MRI results were categorized as normal or abnormal. In contrast to our previous report, we classified white matter lesions as significant when patchy, confluent, or diffuse. Punctiform white matter lesions were considered not pathologic.

Brain complementary investigations

In patients with ischemic stroke, a standard ECG, an echocardiography, and a carotid Doppler were performed. In patients with arrhythmias, continuous electrocardiographic monitoring (Spacelabs Health Care, Ultraview SL, Washington, DC, USA) was also performed. According to Toast classification, patients were eventually classified as either having or not cardioembolic and/or atherosclerosis (thromboembolic) episode [16]. All patients who showed clinical signs of coma, delirium, or seizure underwent EEG examination. Every EEG received a score between 0 and 5 by a senior neurophysiologist (EA) and classified according to Synek score as benign (grade 0 to 2), uncertain (grade 3), or malignant (grades 4 and 5) [17].
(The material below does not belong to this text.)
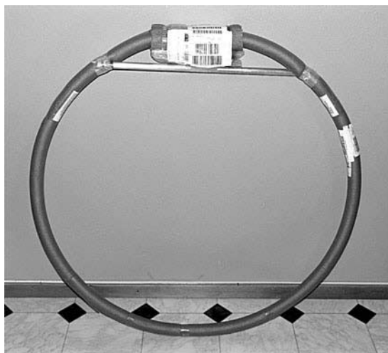
Loopen packad för transporten

Själv har jag inte så svår miljö, men en del störningar från mina datorer och från TV:n har jag som stör ut svaga stationer, t ex drunknade Radio St Helena i surr som gjorde den svår att uppfatta trots att den nog låg klart över det atmosfäriska bruset och mottagarens egenbrus. Alla sådana störningar är helt borta med ALA1530. Riktverkan är också mycket användbar, som exempel kan jag

Definition of variables and outcomes

Demographic characteristics, known risk factors for cardiovascular disease (that is, smoking, hypertension, coronary artery disease, diabetes, hypercholesterolemia, hypertriglyceridemia, and stroke), estimated prognosis of pre-existing underlying illness (graded as nonfatal, ultimately, and rapidly fatal disease), date and category of admission (medical or surgical) in the ICU, SAPS-II as well as microbiological data were recorded at admission. From admission to the day of MRI, SOFA score, vital signs, type and dose of catecholamine infused, sedatives, analgesics and antibiotics, use of steroids, days of mechanical ventilation, and standard laboratory tests were recorded daily. Hypotension was defined as a mean arterial pressure <60 mm Hg; oxygen desaturation was defined as an SaO2 <90%. The duration (days) of catecholamines infusion, maximum and minimum systolic and mean blood pressure, time (hours) spent with MBP <60 mm Hg or with SaO2 <90%, and maximal SOFA score were also recorded. According to the International Society of Thrombosis and Haemostasis, DIC was defined as a score based on alteration of routine coagulation tests (platelet count, fibrin and fibrinogen levels, prothrombin time) more than 5 [18].
The primary outcome variable was the presence of MRI signs of ischemic stroke and leukoencephalopathy in patients with septic shock and acute brain dysfunction. Secondary outcomes were represented by ICU mortality, hospital and ICU length of stay, duration of mechanical ventilation, and GOS at 6 months (dichotomized at ≤3 versus >3) [19].

Statistical analysis

STATA software, Version 11.1 data analysis and statistical software (StataCorp LP, College Station, TX, USA) was used for statistical analysis. Continuous variables are reported as median (10th and 90th percentiles) and as number (proportion) for categoric variables. Kruskal-Wallis and χ2 /Fisher Exact tests were used to determine unadjusted association between type of brain lesions and continuous and categoric variables, respectively. Additional multivariable analysis was performed by means of logistic regression to seek adjusted relations between type of brain lesions and ICU mortality and GOS at 6 months.
The selection of independent variables for the model was based on statistical significance at univariable testing. Covariates with a value of P < 0.05 were included in the multivariable analysis. The limit for statistical significance was set at P = 0.05. All tests were two-sided. The authors had full access to and take full responsibility for the integrity of the data. All authors have read and agree to the manuscript as written.

Results

From November 2005 to June 2012, 170 patients were admitted for septic shock and developed acute brain dysfunction; of those, 71 (42%) patients were enrolled and underwent brain MRI, with a median time delay from acute brain dysfunction of three days. 57 (33%) patients were not enrolled because of patient's death before MRI (n = 40) or MRI contraindication (n = 17) whereas 42 (25%) were excluded from the study because of a prior central nervous system disorder, endocarditis, or age older than 80 years. CT scan was performed in 12 (17%) (Figure 1).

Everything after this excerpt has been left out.